Source code for sensai.columngen

from abc import ABC, abstractmethod
import logging
from typing import Any, Union, Optional

import numpy as np
import pandas as pd

from .data_transformation import DFTNormalisation
from .featuregen import FeatureGeneratorFromColumnGenerator
from .util.cache import KeyValueCache


log = logging.getLogger(__name__)


[docs]class ColumnGenerator:
    """
    Generates a single column (pd.Series) from an input data frame, which is to have the same index as the input
    """
    def __init__(self, generated_column_name: str):
        """
        :param generated_column_name: the name of the column being generated
        """
        self.generatedColumnName = generated_column_name

[docs]    def generate_column(self, df: pd.DataFrame) -> pd.Series:
        """
        Generates a column from the input data frame

        :param df: the input data frame
        :return: the column as a named series, which has the same index as the input
        """
        result = self._generate_column(df)
        if isinstance(result, pd.Series):
            result.name = self.generatedColumnName
        else:
            result = pd.Series(result, index=df.index, name=self.generatedColumnName)
        return result

    @abstractmethod
    def _generate_column(self, df: pd.DataFrame) -> Union[pd.Series, list, np.ndarray]:
        """
        Performs the actual column generation

        :param df: the input data frame
        :return: a list/array of the same length as df or a series with the same index
        """
        pass

[docs]    def to_feature_generator(self,
            take_input_column_if_present: bool = False,
            normalisation_rule_template: DFTNormalisation.RuleTemplate = None,
            is_categorical: bool = False):
        """
        Transforms this column generator into a feature generator that can be used as part of a VectorModel.

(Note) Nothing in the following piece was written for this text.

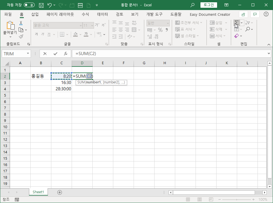 [D2] 셀을 선택한 뒤 [홈]-[자동 합계]를 누릅니다.

        :param take_input_column_if_present: if True, then if a column whose name corresponds to the column to generate exists
            in the input data, simply copy it to generate the output (without using the column generator); if False, always
            apply the columnGen to generate the output
        :param is_categorical: whether the resulting column is categorical
        :param normalisation_rule_template: template for a DFTNormalisation for the resulting column.
            This should only be provided if is_categorical is False
        :return:
        """
        return FeatureGeneratorFromColumnGenerator(self,
            take_input_column_if_present=take_input_column_if_present,
            normalisation_rule_template=normalisation_rule_template,
            is_categorical=is_categorical)


[docs]class IndexCachedColumnGenerator(ColumnGenerator):
    """
    Decorator for a column generator which adds support for cached column generation where cache keys are given by the input data frame's
    index. Entries not found in the cache are computed by the wrapped column generator.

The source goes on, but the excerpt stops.